Posted On 06/11/2011 By In Investigation & Analysis With 2184 Views

‘Two lessons in a row’ by Rishi Dev (Citizens for Animal Rights)

Life has so much to teach us that sometimes it becomes difficult to judge if there is anything else other than learning in life. Today I saw astounding qualities in supposedly the two lesser beings of our society, the poor humans and the poor animals.

The first picture shows a dog I met today on my morning walk. I had accidentally strolled farther than usual and saw this dog with three legs. The front one had been amputated. I felt pity for the poor soul who was sitting there as seen in the picture. So I started thinking of ways of giving him a better life in some way. While I was doing that thinking I saw his friend come over and surprise him from behind. The two started playing as if this disability was some sort of intentional game they had devised. They played like normal dogs and I watched their happiness.

 

After a few minutes a man came with his pet dog and both these dogs greeted their canine and human friend with more zeal and happiness than before. The four now started playing. Clearly this man had saved this dog and was taking care of him on the street where this dog seemed more happy than it would be in a house as a “rescued” pet, as most of the animal activists would put it proudly. A few minutes of witnessing these moments of life full of love and happiness, taught me that this dog was the last person who need a better life inside a home just because he had a lesser limb. May be I did.

He also taught me how any situation no matter how hopeless had its happiness hidden somewhere which could be exploited.

But the learning was not enough for me, for the day, it seems. I walked a little further and met my second teacher for the day, this security guard.

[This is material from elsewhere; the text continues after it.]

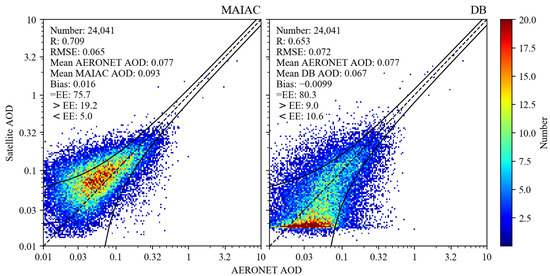 Results of the MAIAC and DB co-location to ground truth AERONET sites as a density scatter plot. The dashed black line is the 1:1 line, and the solid black lines are the upper and lower limits of the EE envelope. Statistics are printed on the graph representing the number of co-location matchups (Number), Correlation Coefficient (R), root-mean-square error (RMSE), Mean AOD, Bias and the percentage of points falling inside (=EE), above (>EE) and below (<EE) the Expected Error (EE) envelope. Note the log scale.

I noticed the three dogs he was playing with and went up to him. I asked where he worked and why were these street dogs wearing collars and leashes. He told me that he worked as a night guard in one of the residential complexes near where I stay. So he took these 3 dogs with him to his place of work in the night and got them back in the day. But the surprising part was that he stayed on the pavement during the day and slept in the park. He was well mannered and belonged to a village in M.P. and had come here for work. His cleanliness clearly spoke highly of his etiquette s and background. He could sense that I was going to offer him a job or a place to stay and before I could utter the words he kind of warned me and explained in simple words that he was pretty happy doing what he was doing and how he was doing it. He didn’t need any help. He was happy with these dogs and his roadie life. He even told me the people he knew at the place of his work who had at many times offered him lots of things and how well connected he was and how many resources were at his disposal. I knew one of the doctors he mentioned and so knew he was speaking the truth.

So the messages I got this morning were clear – Not everyone is unhappy despite their condition. Some people choose to live a challenging albeit a simple life, because life is not about reaching goals all the time. And while they do that they keep meeting other species they teach and learn from, apart from sharing abundant and endless love, which is very precious even to God. The larger objective of living the life as it came by the day on its own, with no help but from nature/ God, was the most important part of living.

For the second time in an hour I realized, I needed more help & learning than that disabled dog or this homeless man. I also learned that not everyone looking in need to you is actually so or vice-versa.

Cheers to their love, valor and faith.